Adeline is seated at the far right, with the curly white hair.

They worked a farm. It was the original farmhouse, with all the old wiring. Sometime after her children moved away, the house burned down. It was in the middle of the winter, bitter cold. Her younger son and his wife were over. Around 10 or 11 at night, they noticed smoke and sparks coming from the upstairs attic and rafters. They tried putting it out with water but it just got bigger and bigger. They called up the older son, who lived 10 miles away, and said the house was burning down! As he drove there he saw this red glare against the horizon. He got there just as it all went up at once. One big flare, like a Roman Candle. Flames hundreds of feet high. They went back the next few days to see if they could salvage anything, but there was nothing left. The fire was so hot, the heat so intense, it melted all the metal. No silverware, nothing. Just melted. Stove, refrigerator, furnace -- these are big things -- just lumps of metal.

Her younger son, being a carpenter, built them a new house. Just one bedroom. He didn't use any plans. Everything is standard, standard cabinet height, standard roof tresses, standard windows, standard doorways. He just said, OK, let's make it 30 by 30 feet, and they did it. A few days and the frame was up, a few more days and the walls were in. Ever hear of baseboard heating? Only very expensive houses have it. It's the best there is. You can do zoned heating with it. There's these big copper pipes with fins that they pump hot water through, and a big water heater in the basement. He knew people who install this, so he put it in themselves. Turned it on, and the house heated up to 70 Fahrenheit. But it kept going. 80, 90 degrees. Then it cooled down again. Ah, the hot water kept circulating, yeah? So he asked his friends. Oh, oh, no problem. All it took was a 50 cent cutoff valve. That did the trick. It would heat up to 70, click, and it would stay there.

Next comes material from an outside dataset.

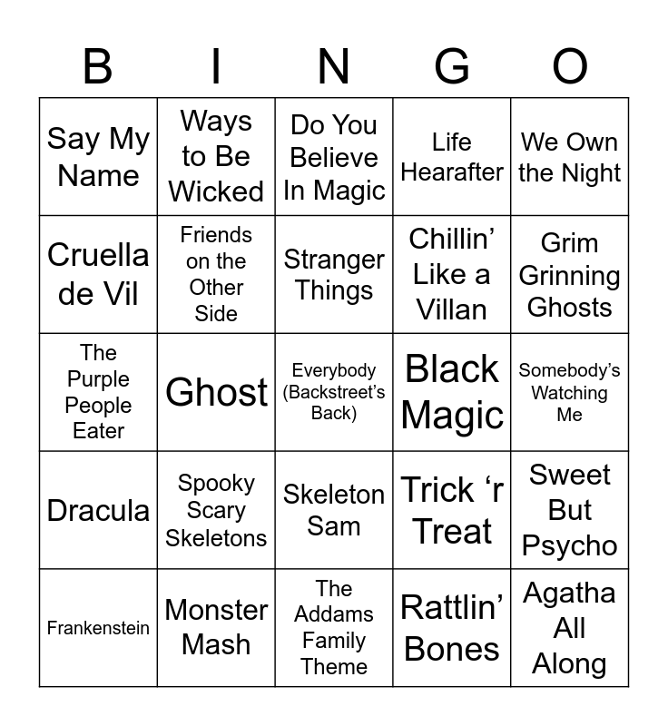 This bingo card has 30 words: Monster Mash, Jaws, Ghost, Hedwig’s Theme, Say My Name, Do You Believe In Magic, Friends on the Other Side, Skeleton Sam, Black Magic, The Addams Family Theme, Somebody’s Watching Me, Everybody (Backstreet’s Back), Rattlin’ Bones, Agatha All Along, Grim Grinning Ghosts, Walking Dead, Trick ‘r Treat, Dracula, Spooky Scary Skeletons, We Own the Night, The Purple People Eater, I Put a Spell on You, Ways to Be Wicked, Chillin’ Like a Villan, Cruella de Vil, Life Hearafter, Sweet But Psycho, Frankenstein, Stranger Things and Oogie Boogie’s Song.
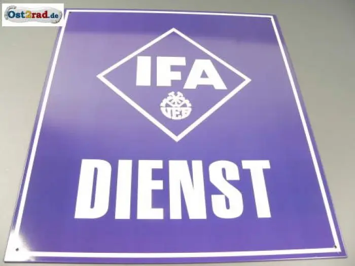 Neues Schild mit Aufdruck Emblem IFA Dienst, nachgefertigt nach dem originalen Emailleschild. Abmaße Schild ca. 39cm x 33cm.

After her husband died, she sold the house. First she tried living with her younger son. But that didn't work out. Then she moved in this senior living apartment, and they threw her out! She went to bed with the water running and it flooded everything in the apartments below. Lots of damage. She pleaded, her sons pleaded, and they let her stay. Then she did it again. That time they threw her out. Next she tried living with a grandson on their farm out in the stix. They had young daughters, rode horses, showed them in fairs. But Adeline had a different idea of childraising than they did, so that didn't work out either.

Once when she was very old, a relative in the German Merchant Marines (her brother Johann) came to port in New York. She drove all the way down from Binghamton to visit him on the boat, he showed her around the whole boat, then she came back.